Most players in this space are marketing themselves as industry-agnostic solutions. But we have seen some distinction, as solutions with more of a mid-market customer base tend to be more turnkey and serve less complex industries. Others have had more of an enterprise focus, tending to serve more complex industries with highly configurable solutions.

That said, as the market grows, we believe this will further segment toward industry focus given the complexity of reporting and the need for strong data management. The bulk of consolidation around certain industry specializations is still a few years off. Still, we’ve seen early evidence of this, as companies pursue unique and large industries like real estate and financial services, and some very early-stage startups address other areas. Private equity or industries with robust supply chain reporting have also been seen as attractive targets, given their potential to accelerate distribution through network effects.

What does this consolidation mean for industry participants?

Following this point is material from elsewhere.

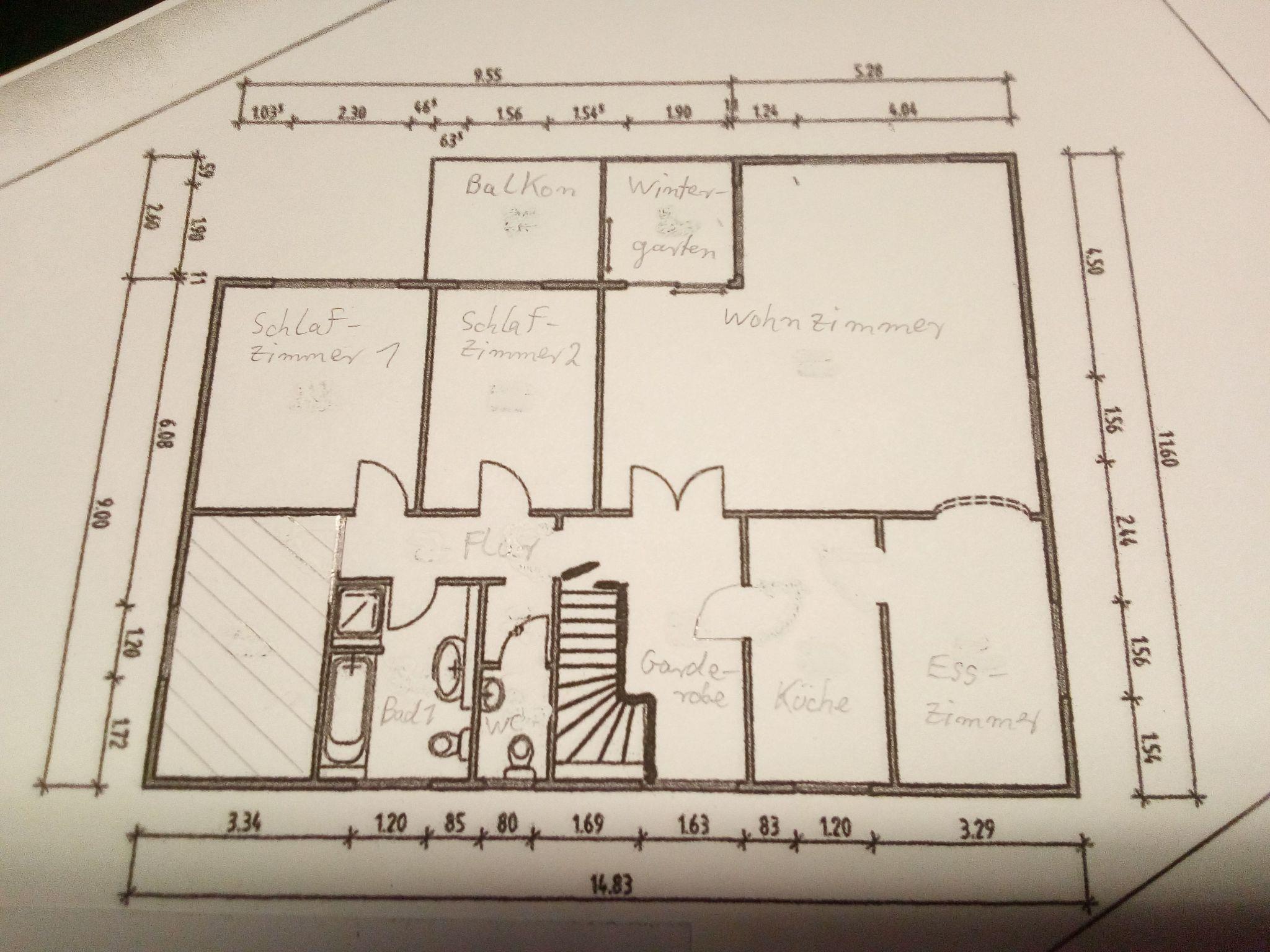 Die Wohnung liegt im ersten Stock eines großen Einfamilienhauses. Im Erdgeschoss befinden sich noch drei kleine dauerhaft vermietete Einliegerwohnungen.

Consolidation is impacting all industry participants. What should stakeholders keep in mind?

1.     Customers, be patient as the space evolves. The meaningful investment being made will create a strong set of world-class solutions that solve pain points, meet regulatory requirements and meet the unique needs of each company.

2.     Acquirers, dig in to understand consolidation so far — and what’s to come. You may need to move quickly and be flexible or creative in entering this dynamic space, which will likely require a combination of buy and build.

3.    Software vendors, prepare for continued and meaningful disruption. Expect a constant stream of new and well-capitalized entrants able to spend significantly on marketing, and more players going to market with end-to-end offerings. For example, some EHSQ providers are offering ESG solutions for free to retain or win customers. Consider how you can best compete, whether by continuing your current trajectory, strategically repositioning, partnering or raising additional capital. 

Summary

Understanding how consolidation is unfolding can help customers, acquirers and software vendors adapt strategies to fit into that market map today, and time funding and eventual exits accordingly.